Thursday, March 10, 2011

Don't Try This At Home Either

We recently had a unique experience involving cats. It seems that a number of neighborhood cats, some possibly wild, have taken a liking to our deck, either on it or under it. They liked to get together and howl, fight, shriek and generally just make a lot of noise. In the middle of the night. Sometimes multiple times during the night. With just enough time in between for you to fall back asleep.

Don had a plan. We have some pepper spray that we keep beside our bed for protection against intruders. Don figured that these intruders might not be human nor dangerous, but they were intruders, annoying as all get-out, and perhaps could be discouraged by a friendly blast of pepper spray.  So, anytime he heard the cats on our deck, he would get up and try to sneak out onto the deck; somehow they always heard him and ran off.
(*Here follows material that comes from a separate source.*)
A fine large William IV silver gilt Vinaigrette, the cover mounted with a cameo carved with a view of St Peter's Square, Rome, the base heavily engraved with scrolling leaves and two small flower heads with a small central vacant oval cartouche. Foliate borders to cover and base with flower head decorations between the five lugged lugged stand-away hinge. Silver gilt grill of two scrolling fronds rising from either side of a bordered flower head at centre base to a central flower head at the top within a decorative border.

One night, he succeeded. He was able to slip out onto the deck and blast the yellow tomcat who was lounging on my lounge chair and making a terrible racket. The cat took off like a rocket, ran right into the gate and then hopped onto the retaining wall. Don gave him another little blast as a parting gift. Problem solved. We went back to bed and back to sleep.
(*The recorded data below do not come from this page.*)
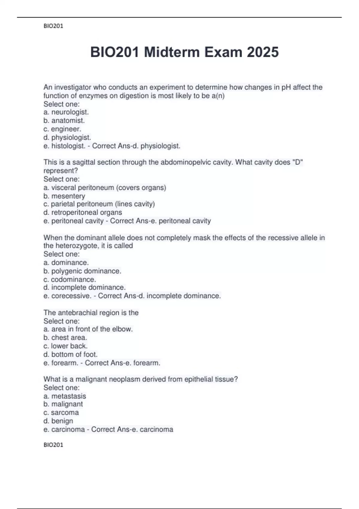 An investigator who conducts an experiment to determine how changes in pH affect the function of enzymes on digestion is most likely to be a(n) Select one: a. neurologist. b. anatomist. c. engineer. d. physiologist. e. histologist. - Correct Ans-d. physiologist. This is a sagittal section through the abdominopelvic cavity. What cavity does "D" represent? Select one: a. visceral peritoneum (covers organs) b. mesentery c. parietal peritoneum (lines cavity) d. retroperitoneal organs e. peritoneal cavity - Correct Ans-e. peritoneal cavity When the dominant allele does not completely mask the effects of the recessive allele in the heterozygote, it is called Select one: a. dominance. b. polygenic dominance. c. codominance. d. incomplete dominance. e. corecessive. - Correct Ans-d. incomplete dominance. The antebrachial region is the Select one: a. area in front of the elbow. b. chest area. c. lower back. d. bottom of foot. e. forearm. - Correct Ans-e. forearm. What is a malignant neoplasm derived from epithelial tissue? Select one: a. metastasis b. malignant c. sarcoma d. benign e. carcinoma - Correct Ans-e. carcinoma BIO201 BIO201 The process of meiosis will _____ as the gametes are produced. Select one: a. cut the chromosome number by 1/3 b. cut the chromosome number by 1/2 c. double the chromosome number d. not change the chromosome number e. triple the chromosome number - Correct Ans-b. cut the chromosome number by 1/2 When ionic compounds dissolve in water, their ions Select one: a. cling tightly together. b. dissociate or separate from one another. c. lose their charge. d. get lost in the solvent. e. settle to the bottom of the container. - Correct Ans-b. dissociate or separate from one another. Synovial fluid Select one: a. lacks cells. b. is found between all bony junctions. c. increases friction between bones. d. is produced by articular cartilage. e. decreases friction between bones. - Correct Ans-e. decreases friction between bones. This is the dermal layer closest to the epidermis. Select one: a. epidermis b. reticular layer c. papillary layer d. stretch marks e. hypodermis - Correct Ans-c. papillary layer Which of the following is not a characteristic of age-related changes at the tissue level? Select one: a. arterial walls become less elastic b. injuries heal rapidly and more completely in older people c. reduced flexibility and elasticity of connective tissue d. development of atherosclerosis e. rate of red blood cell synthesis declines - Correct Ans-b. injuries heal rapidly and more completely in older people The actual genetic constitution of an individual is its Select one: BIO201 BIO201 a. structural gene. b. autosome. c. genotype. d. polygenic. e. y-linked. - Correct Ans-c. genotype. Active transport Select one: a. follows osmotic pressure gradients. b. can move substances along their concentration gradient. c. does not require metabolic energy (ATP). d. involves vesicle formation. e. requires ATP. - Correct Ans-e. requires ATP. Normal pH for blood is 7.35 to 7.45. Maintenance of the pH in this range is Select one: a. critical because enzymes work best within narrow ranges of pH. b. not critical because extreme pH values do not affect enzyme function. c. called denaturation. d. not required. e. None of these choices is correct. - Correct Ans-a. critical because enzymes work best within narrow ranges of pH. Ringworm is an infection of the skin, hair, and nails caused by a Select one: a. bacterium. b. virus. c. parasite. d. fungus. e. inflammation. - Correct Ans-d. fungus. In the anatomical position, the Select one: a. arms are crossed over the chest. b. palms of the hands face posteriorly. c. body is erect with the head turned to the right. d. thumbs point to the midline of the body. e. palms of the hands face anteriorly. - Correct Ans-e. palms of the hands face anteriorly. Fingerprints and footprints are produced by projections into the epidermis called Select one: a. dermal striae. b. cleavage lines. c. reticular lines. d. melanocytes. BIO201 BIO201 e. dermal papillae. - Correct Ans-e. dermal papillae. The integumentary system has many functions, one of which is Select one: a. protection from cancer. b. production of Vitamin E. c. detection of heat and touch. d. regulation of acid-base balance. e. prevention of albinism. - Correct Ans-c. detection of heat and touch. Which of the following is not a coxal bone? Select one: a. ischium b. femur c. ilium d. pubic - Correct Ans-b. femur Which of the following events occurs last in intramembranous ossification? Select one: a. Osteoprogenitor cells become osteoblasts. b. A membrane of delicate collagen fibers develops. c. Trabecular bone is formed. d. Periosteum is formed. e. Many tiny trabeculae of woven bone develop. - Correct Ans-c. Trabecular bone is formed. Which of the following types of joints is mismatched w
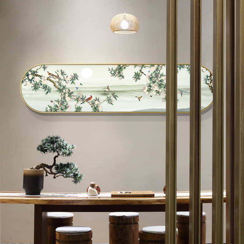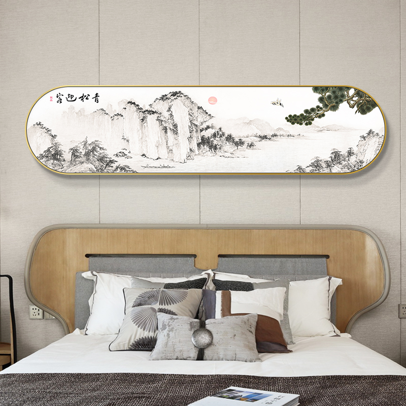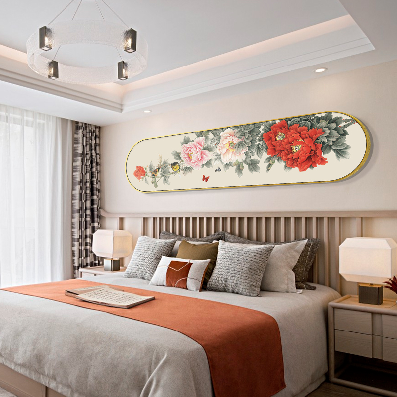 新中式客厅沙发背景墙画跑道形框装饰画卧室床头牡丹花开富贵挂画
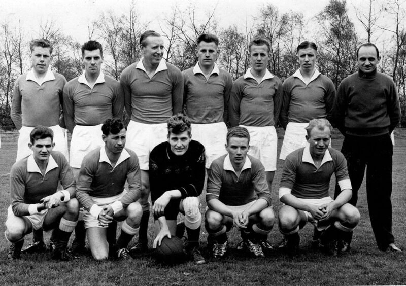 Van links naar rechts: staande: 1. Jeu Dorssers, 2. Jan Hendriks, 3. Joep Gommans, 4. Jos Houwers., 5. Frans Vullers, 6 Jan Rutten, 7Jan Denessen. Hurkend: 1. Piet Smeets, 2. Wiel Ottenheim , 3. Piet Wijnands, 4. Wijnand Puts, 5.Wiel Kuipers

Early the next morning, before it was fully light, Don was on the deck lifting weights and as usual, got onto one of the loungers which doubles as his weight bench. Pretty soon, he became aware that the backs of his legs were burning. A lot. That was the lounger that the cat had been using. Apparently the chair was covered with pepper spray fallout. He warned me not to sit there.

Not long after that, I went in to take a shower, turned on the water, splashed water on my face and instantly my right eye was on fire! What!? There was nothing sprayed in the bathroom. Don had not been in the shower before me. What had I touched that had been pepper sprayed?

That wasn't the end of it either. All throughout the day and into the next day, we would touch something and then rub our faces or touch our lips and have instant heat. Don sat in the other lounge chair with his arms on the arm rests and soon his arms were burning. That pepper spray is powerful stuff. He also sprayed the gate at the entrance to our deck when he gave the cat the last blast, so everytime we grabbed the gate, we got a bit of the spray on us.

Don spent considerable time scrubbing on the deck trying to remove all traces of the spray, but even after that we would feel traces of it on our skin from time to time. He finally conceded that pepper spraying the cat had not worked as planned and should be avoided in the future, except for actual human intruders.

As annoying as the cat had been, I felt really sorry for him. I'm sure he had a miserable day.